Top of DATASET CONTENT
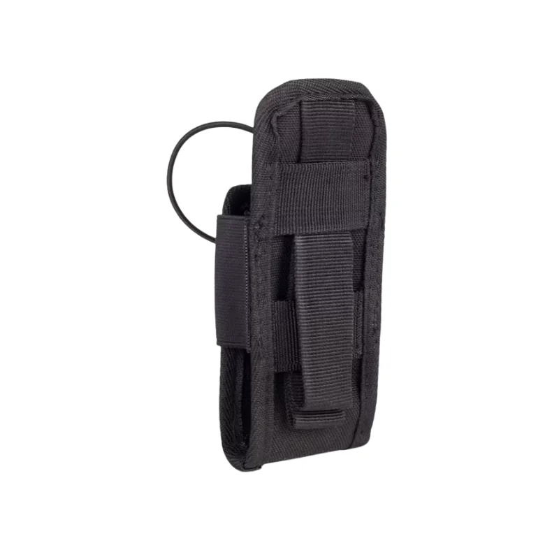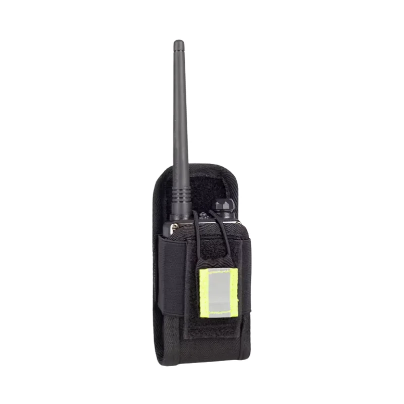 Estuche universal diseñado para el transporte seguro de radios de seguridad. Construida en Poliéster 1000D de alta resistencia. Cuenta con sistema de acople MOLLE para fijación en hombreras, mochilas o chalecos. El compartimento incluye bandas elásticas laterales para un ajuste perfecto a diferentes modelos de radio, asegurando estabilidad. Incluye tirador de alta visibilidad y diseño ergonómico para un acceso rápido y directo al terminal.
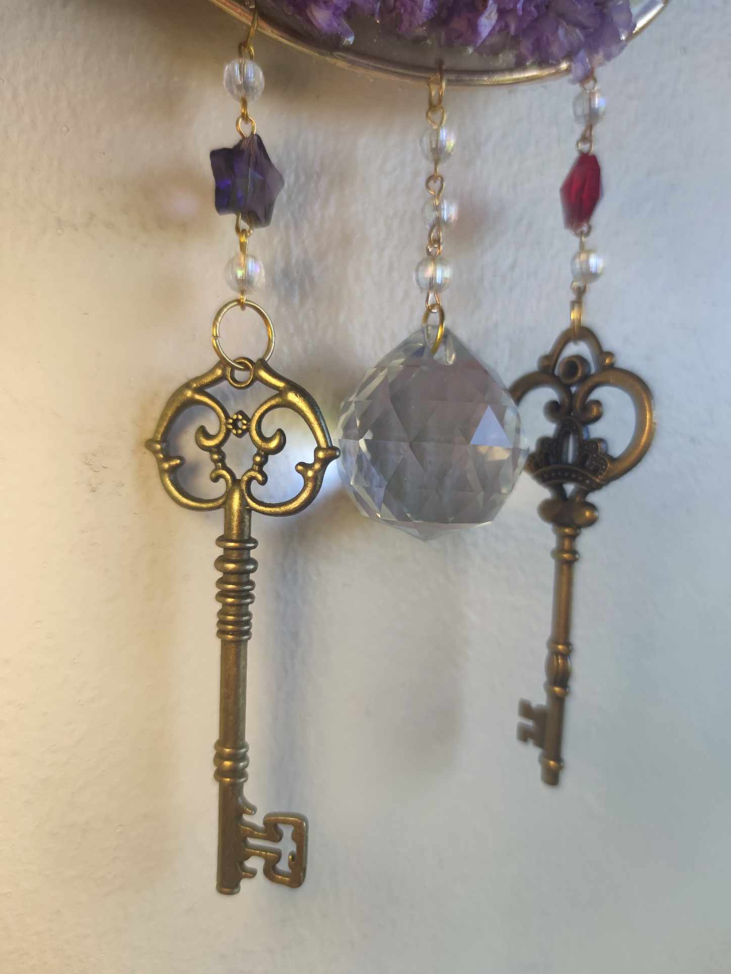 These solar ornaments are crafted with crystals as well as flora that you can display in your home as an art piece or on your alter as part of your devotion to your guides
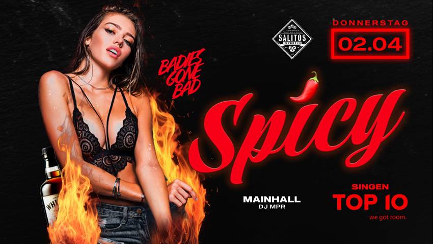 TOP10 Singen Otto-Hahn-Str. 5,Singen (Hohentwiel),GermanyThis night will be SPICY. Willkommen zur heißesten Ladies Night aller Zeiten! Scharf, schärfer, unsere Ladies… Also, rein in dein heißestes Outfit an und mach dich bereit für eine Nacht voller Spaß, Flirts und unvergesslicher Erlebnisse. Lasst uns gemeinsam die Grenzen überschreiten, die Regeln brechen und feiern, als wenn niemand zuschaut. SALITOS SPECIAL BIS 22.30… Weiterlesen »Spicy – powered by Salitos – Top10 Singen
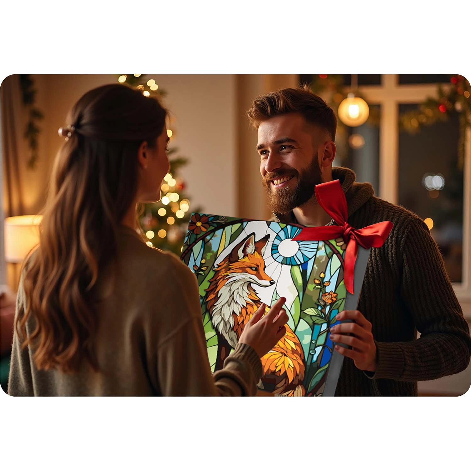 Končna slika bo izstopajoč okras vašega doma, privlačen motiv lisice pa razveseli kot osebno in izvirno darilo.
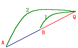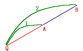 次のうち線分ABを2:1に外分する点Qを表わしている図は
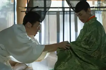 大河ドラマ「光る君へ」第17話。藤原道隆(井浦新・中央)は一条天皇に「伊周を関白に!」と迫り…(C)NHK
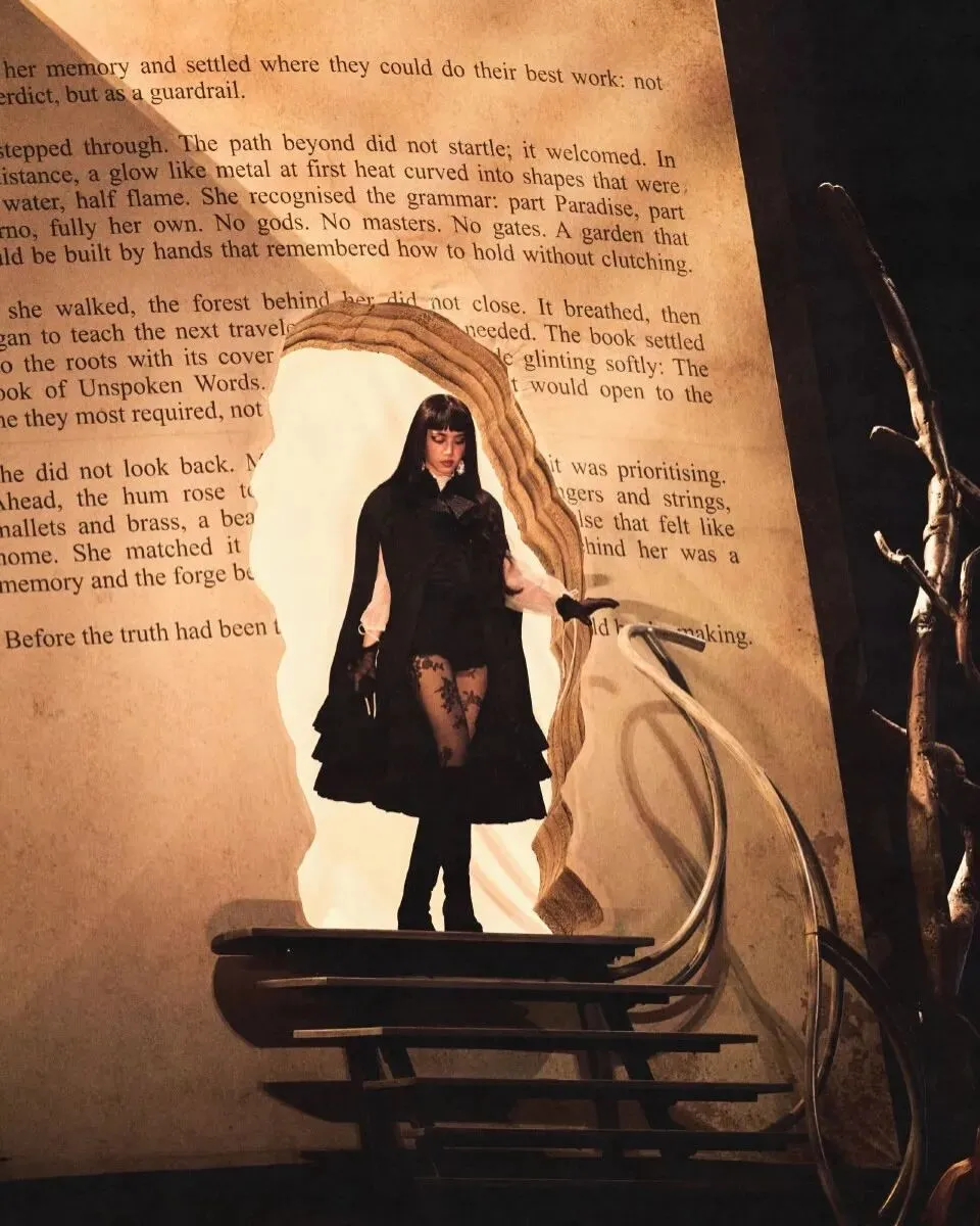 4. 真相之书:“金纱女伶”造型演唱抒情曲目,《第三人称》《天空》等组曲诉说爱情迷惘与成长。
Bottom of DATASET CONTENT
§ **WHAT IS NEEDED**: The listing above should be returned word for word, with pictures omitted.

§ **YOUR RESPONSE**:
 Estuche universal diseñado para el transporte seguro de radios de seguridad. Construida en Poliéster 1000D de alta resistencia. Cuenta con sistema de acople MOLLE para fijación en hombreras, mochilas o chalecos. El compartimento incluye bandas elásticas laterales para un ajuste perfecto a diferentes modelos de radio, asegurando estabilidad. Incluye tirador de alta visibilidad y diseño ergonómico para un acceso rápido y directo al terminal.
 These solar ornaments are crafted with crystals as well as flora that you can display in your home as an art piece or on your alter as part of your devotion to your guides
 TOP10 Singen Otto-Hahn-Str. 5,Singen (Hohentwiel),GermanyThis night will be SPICY. Willkommen zur heißesten Ladies Night aller Zeiten! Scharf, schärfer, unsere Ladies… Also, rein in dein heißestes Outfit an und mach dich bereit für eine Nacht voller Spaß, Flirts und unvergesslicher Erlebnisse. Lasst uns gemeinsam die Grenzen überschreiten, die Regeln brechen und feiern, als wenn niemand zuschaut. SALITOS SPECIAL BIS 22.30… Weiterlesen »Spicy – powered by Salitos – Top10 Singen
 Končna slika bo izstopajoč okras vašega doma, privlačen motiv lisice pa razveseli kot osebno in izvirno darilo.
 次のうち線分ABを2:1に外分する点Qを表わしている図は
 大河ドラマ「光る君へ」第17話。藤原道隆(井浦新・中央)は一条天皇に「伊周を関白に!」と迫り…(C)NHK
 4. 真相之书:“金纱女伶”造型演唱抒情曲目,《第三人称》《天空》等组曲诉说爱情迷惘与成长。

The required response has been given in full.